Il est indispensable de souligner un point très important que vous avez soulevé dans votre question et qu’on aborde rarement dans les discussions sur le hijâb. La charge de préserver l’honneur et la chasteté de la société musulmane est malheureusement souvent renvoyée uniquement sur le dos des femmes. Bien que récemment on ait davantage insisté sur l’éthique vestimentaire des hommes musulmans, nous nous devons de rappeler aux hommes musulmans qu’ils doivent rabattre de leurs regards et observer les règles de bienséance islamique dans leurs relations avec toutes les femmes, et non pas seulement avec les femmes musulmanes. Il n’est pas rare de voir un couple musulman qui se promène, la femme portant un hijâb complet, alors que son mari lorgne les autres femmes ; ni de voir un père apprendre à sa fille à se couvrir convenablement en sortant, puis lorsqu’il tourne le dos, c’est pour regarder à la télévision des spectacles présentant des femmes portant des tenues indécentes. Il y a une sagesse dans l’injonction coranique demandant aux femmes de se couvrir et celle-ci va de pair avec le commandement prescrivant aux hommes de rabattre de leurs regards. Dieu est Juste et la justice ne serait pas bien servie si les femmes devaient être les seules gardiennes de l’honneur.
Le hijâb peut devenir un instrument d’oppression si les hommes musulmans n’assument pas leur part dans cet équilibre. On entend souvent qu’il est difficile pour les hommes musulmans de détourner leur regard en traitant avec les femmes de manière professionnelle dans une société où un tel comportement serait considéré comme antisocial. A ceci nous pouvons répondre qu’il est également difficile, voire plus difficile, pour une femme musulmane de maintenir le port du hijâb dans une telle société. Ces commandements peuvent s’apparenter à une lutte et les hommes et les femmes musulmans doivent considérer leurs devoirs respectifs aussi bien comme une responsabilité sociale que comme des actes de culte.

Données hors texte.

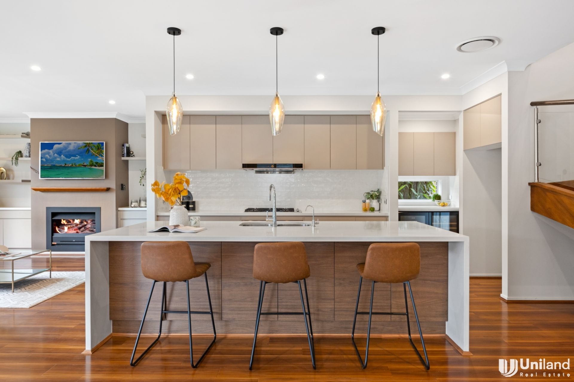 Elegantly centred for seamless connection, an expansive stone kitchen with butler’s pantry transitions through free-flowing living and dining spaces to exquisite outdoor living equipped with a built-in barbecue, and two bar fridges.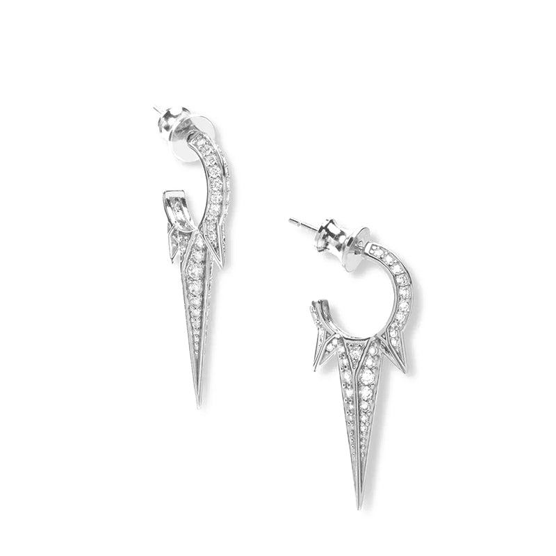 Always edgy, never fussy, Gabriella is THAT friend—the one who brings out your wild side. These 18K gold and silver plated triple spike huggies are covered in diamondette spikes for an even bolder look!

Dieu dit, en effet, dans la dernière partie du verset sur le hijâb, “Et repentez-vous tous devant Dieu, ô croyants, afin que vous récoltiez le succès.” [5]
Pour ce qui est de la dernière partie de la question, à savoir si nous sommes autorisés à excommunier une personne à cause de son refus de se conformer aux règles du hijâb. La réponse est que nous n’avons certainement pas le droit d’agir de la sorte. Si une femme refuse de porter le hijâb, après avoir su qu’il s’agit d’une prescription divine, elle est certainement pécheresse, et commet une grave transgression au regard de Dieu, et pourtant une telle transgression ne justifie pas que n’importe qui mette en doute sa foi fondamentale. Nous devons savoir que dans l’Islam aucune personne ne possède l’autorité d’excommunier les gens sur la base de leurs péchés ou de leurs transgressions.
P.-S.
Traduit de l’anglais de la Banque de Fatâwâ du site Islamonline.net.
On pourra également consulter l’article suivants : "L’excès dans la dissimulation des femmes".
Notes
[1] Le Sheikh Ahmad Kutty est un savant musulman de l’Institut Islamique de Toronto, Canada.
[2] Sourate 24, An-Nûr, la Lumière, verset 30.
[3] Sourate 24, An-Nûr, la lumière, verset 31.
[4] Lire également notre article intitulé "Le visage n’est pas une `awrah", de Sheikh Muhammad Al-Ghazâlî.
[5] Sourate 24, An-Nûr, la Lumière, verset 31.